- The unique management of Google Chrome of the reference policy creates a great escape for the siphon of silent data
- CVE-2025-4664 demonstrates that even trusted browsers are not immune to catastrophic vulnerabilities of Zero Day
- Cross -source data are available if you have not updated Chrome or Chromium
A recently discovered zero -day vulnerability that affects both Windows and Linux systems could put thousands of Google Chrome and Chromium users with a serious risk of data theft, experts warned.
Wazuh researchers affirm that this defect, tracked as CVE-2025-4664, has already caught urgent attention due to its ability to filter data of confidential cross origin, such as Oauth tokens and session identifiers without user interaction.
The fault, identified in the component of the chrome and chromium browse charger, is related to how these browsers process the HTTP header of the link for sub -knowledge requests such as images or scripts.
Chrome opening the door to data leaks
Unlike other conventional browsers, Chrome honors the reference policy directive even in sub -knowledge.
This behavior allows a malicious site to inject a lax policy, such as insecure-URL, which effectively filters the complete URLs, including confidential data, third parties domains.
This type of exploit omits the conventional defenses of the browser and directly undermines common security assumptions in web infrastructure.
Wazuh states that it can detect and mitigate this defect through its Wazuh vulnerabilities detection module, which uses data from its cyber threat intelligence service (CTI) to monitor software versions and increase alerts when vulnerable packages are found.
In a laboratory environment configured using Wazuh Ova 4.12.0, security researchers demonstrated how the final points that Windows 11 and Debian 11 could be scanned to identify if they were executing vulnerable versions of Chrome or Chromium.
As noted on the Wazuh board, users are told to add the CVE-2025-4664 query to quickly isolate the impacted systems, with the module updating the vulnerability of “active” vulnerability to “resolved” once the mitigation steps are verified.
Google has issued an emergency patch to address the problem in Windows and Gentoo Linux systems. Users are recommended on these platforms that update their browsers immediately.
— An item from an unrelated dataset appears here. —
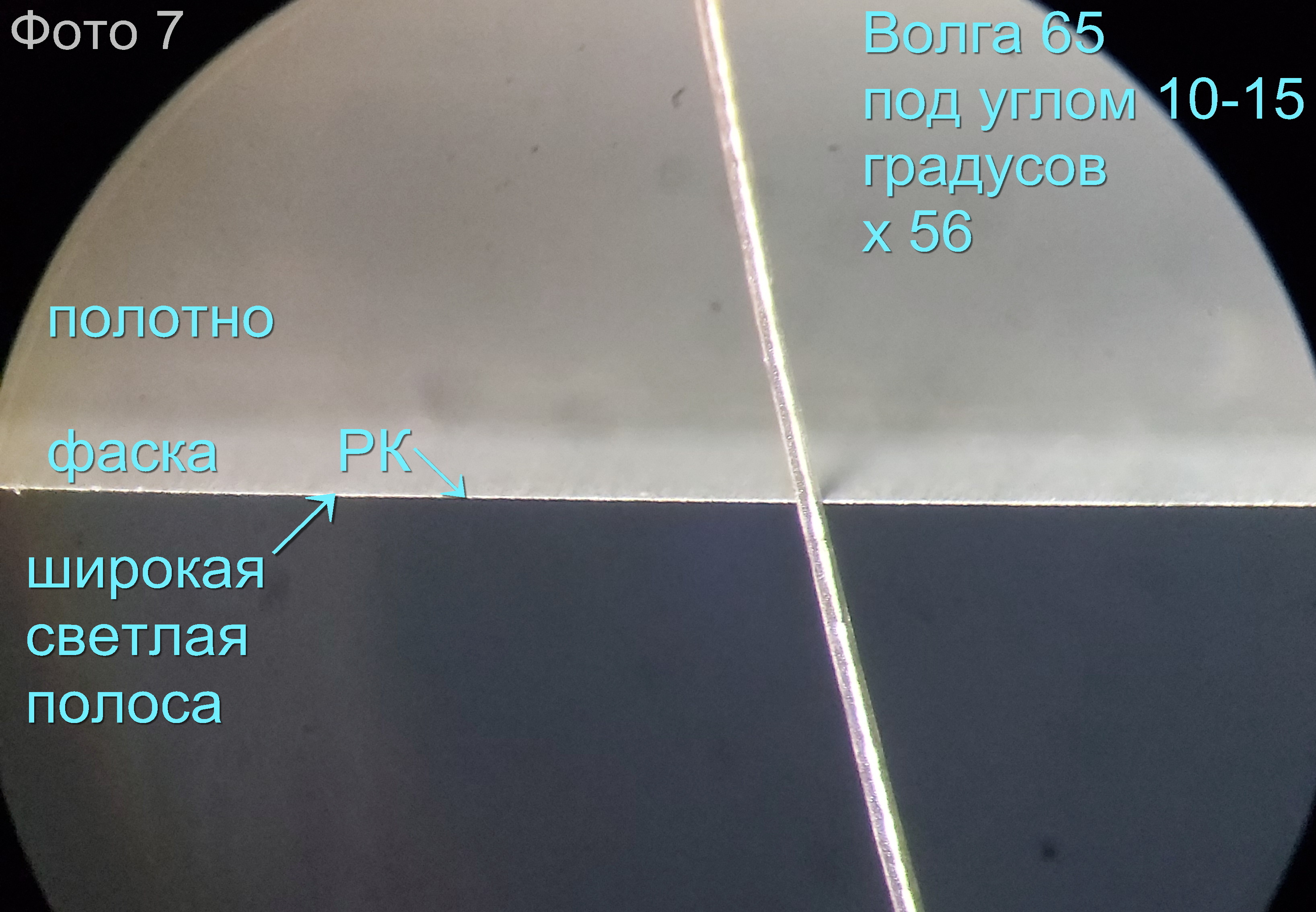 Введение Начну с вопроса надо ли пользоваться микроскопом. Этот вопрос можно перефразировать, например,: - Хотите увидеть что происходит с РК во время заточки?; - Хотите увидеть как изменяется РК после бритья, после правки на ремне и т. д. и т. п.? Эти вопросы наверное не волнуют вас, но есть один важный вопрос, который сильно волнует всех заточников без изключения. Это вопрос: Удалось ли хорошо заточить бритву? На этом вопросе ответ получается во время бритья, но сразу возникает другой самый важный и иногда бессонный вопрос: Можно ли заточить бритву еще лучше, то есть добился ли я максимума в заточке данной бритвы? Получить ответ на этого самого важного вопроса можно только с помощью микроскопа. С уважением скажу, что уверенных опытных заточников не волнуют никаких вопросов. Они говорят что хорошо справляются без микроскопа и свято верят, что у них всегда получается лучшая заточка и именно поэтому им иногда приходится обяснять, что и на старуху бывает проруха. А вот для неопытного заточника применение микроскопа принесет большую пользу, потому что он увидит что делает во время заточки и более того, он может изменить условия работы, чтобы добиться лучшего результата. В качестве аргумента, что очень полезно пользоваться микроскопом, я процитирую японского мастера заточки Касуке Ивасаки 1963 г. Перевод с японского языка на английский выполнен Джимом Районом в 2011 году: „…Парикмахеры нашли, что новые микроскопы, и так же новое оборудование, такое как УФ стерилизатор для полотенец крайне необходимы. Металлургический микроскоп, для осмотра режущей кромки бритвы, теперь доступен всем парикмахерам, когда раньше был доступен ученым. Без микроскопа ваши шансы хорошо заточить бритву будут низкие. Как вы сможете хорошо заточить режущую кромку, если вы её не видите?” Источник: сайт „Заточи Клинок”. Для просмотра опасной бритвы надо использовать микроскоп, на котором объект просматривается под отраженным светом (когда свет падает сверху или со стороны), например МБС-1, МБС-2, МБС-9 или МБС-10. Забудьте про китайских USB-микроскопов. Они не годятся, не только из за плохое качество оптики и выдуманное увеличение. У них из за множество источников, свет рассеянный, что мешает ясно увидеть то что нужно. Свет должен выходить из одного источника и лучи его должны быть параллельными. В качестве источника света кроме осветителя микроскопа МБС, можно использовать фонарик с одним светодиодом - я так делаю. Первая часть В качестве объектов будут выступать опасные бритвы Волга 65 и Puma 39. Все фото сделани с 56-кратным увеличением и для лучшего восприятия масштаба на них будет присутствувать седой волос с моей „светлой” головы. Надеюсь, что все фотографии будут смотреться ясно. Итак, первый способ просмотра опасной бритвы под микроскопом – это просмотр под углом около 90 градусов к объективу. Свет идет спереди и под углом около 45 градусов к горизонтали. (ФОТО 1) На ФОТО 2 показана бритва Волга 65 после доводки на Гуанси. Хорошо видна поверхность полотна, фаска бритвы и РК. При просмотре под углом около 90 градусов на фаску можно увидеть риски и следов абразивных частиц, а на РК, если таковы имеются, выкрошенные участки, сколы, большие замины и загибы. Это очень полезно, но при таком способе просмотра нельзя увидеть остроту РК! На ФОТО 3 аналогичным образом показана бритва Pum

For Chromium users in Debian 11, all versions of up to 120.0.6099.224 are still vulnerable, and no updated package has yet been released. Users are encouraged to uninstall the browser until a paveled version is available.
Despite these rapid actions, the broader concern remains: how can users and companies protect themselves reliably against zero day exploits based on the browser?
The application of patches is essential, but depending solely on the browser updates can leave significant gaps. For this reason, it is recommended to use final point protection platforms, together with malware protection and antivirus solutions, to stay safe.
These tools provide defenses in layers that go beyond the vulnerabilities of the browser, offering real -time detection and containment of exploit attempts.